Phase 4: Elevation Raising

Apply the solved elevations to each tile:

\[ z'_c = \max(z_c, z_{\min}(\text{label}_c)) \]

where \(z_{\min}(w)\) is the minimum fill elevation for watershed \(w\).

Nodata Handling

Two modes are supported via the fill_holes parameter:

fill_holes = False (default):

  • Nodata regions act as drainage outlets
  • Contiguous nodata regions receive unique labels
  • Boundary nodata cells added to priority queue with \(-\infty\)

fill_holes = True:

  • Nodata cells are filled with the elevation of the lowest surrounding valid cell
  • Useful for DEMs with data gaps that should be interpolated

Properties

The filled DEM satisfies:

  1. No depressions: Every cell has a monotonically non-increasing path to the boundary
  2. Minimal modification: Cells are only raised, never lowered
  3. Elevation preservation: Cells not in depressions retain original values

Formally, for output elevation \(z'\):

\[ z'_c \geq z_c \quad \forall c \]
\[ \forall c \in \text{interior}: \exists n \in N(c) : z'_n \leq z'_c \]

Complexity

Let \(n\) be the number of cells.

Operation Time Complexity Space Complexity
Priority-Flood \(O(n \log n)\) \(O(n)\)
Graph solving \(O(w \log w)\) \(O(w)\)

Where \(w\) is the number of distinct watersheds (typically \(w \ll n\)).

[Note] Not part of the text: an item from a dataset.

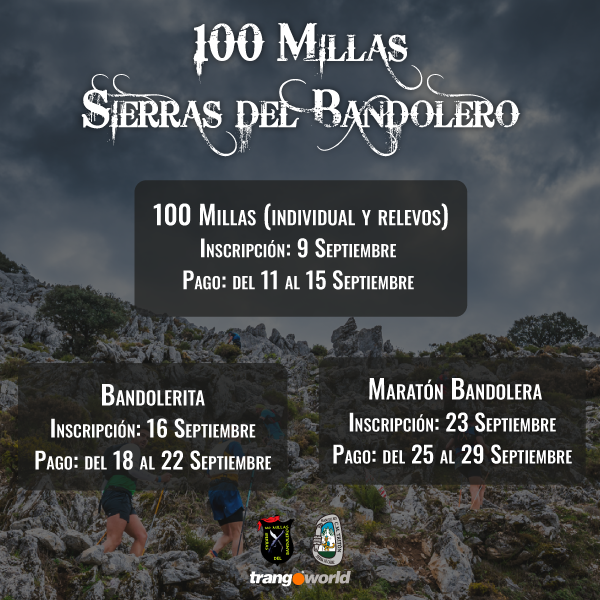 Desde el Club de Montaña Tritón, con el apoyo de @trangoworldofficial, queremos anunciar las fechas de pago para nuestras emocionantes pruebas. ¡Prepárate para desafiar tus límites y sumergirte en la belleza de las Sierras del Bandolero! 🔥

For tiled processing with \(t\) tiles of size \(s \times s\):

  • Per-tile: \(O(s^2 \log s^2)\)
  • Graph connection: \(O(t \cdot s)\) (perimeter size)
  • Total: \(O(n \log s + t \cdot s)\)

Visual Example

Before Fill After Fill
Before fill After fill

The depression (highlighted in red) contains cells with elevations ranging from 94.0 to 96.8. The pour point elevation is 97.0. After filling, all depression cells are raised to the pour point elevation, ensuring water can flow out of the depression without encountering lower cells.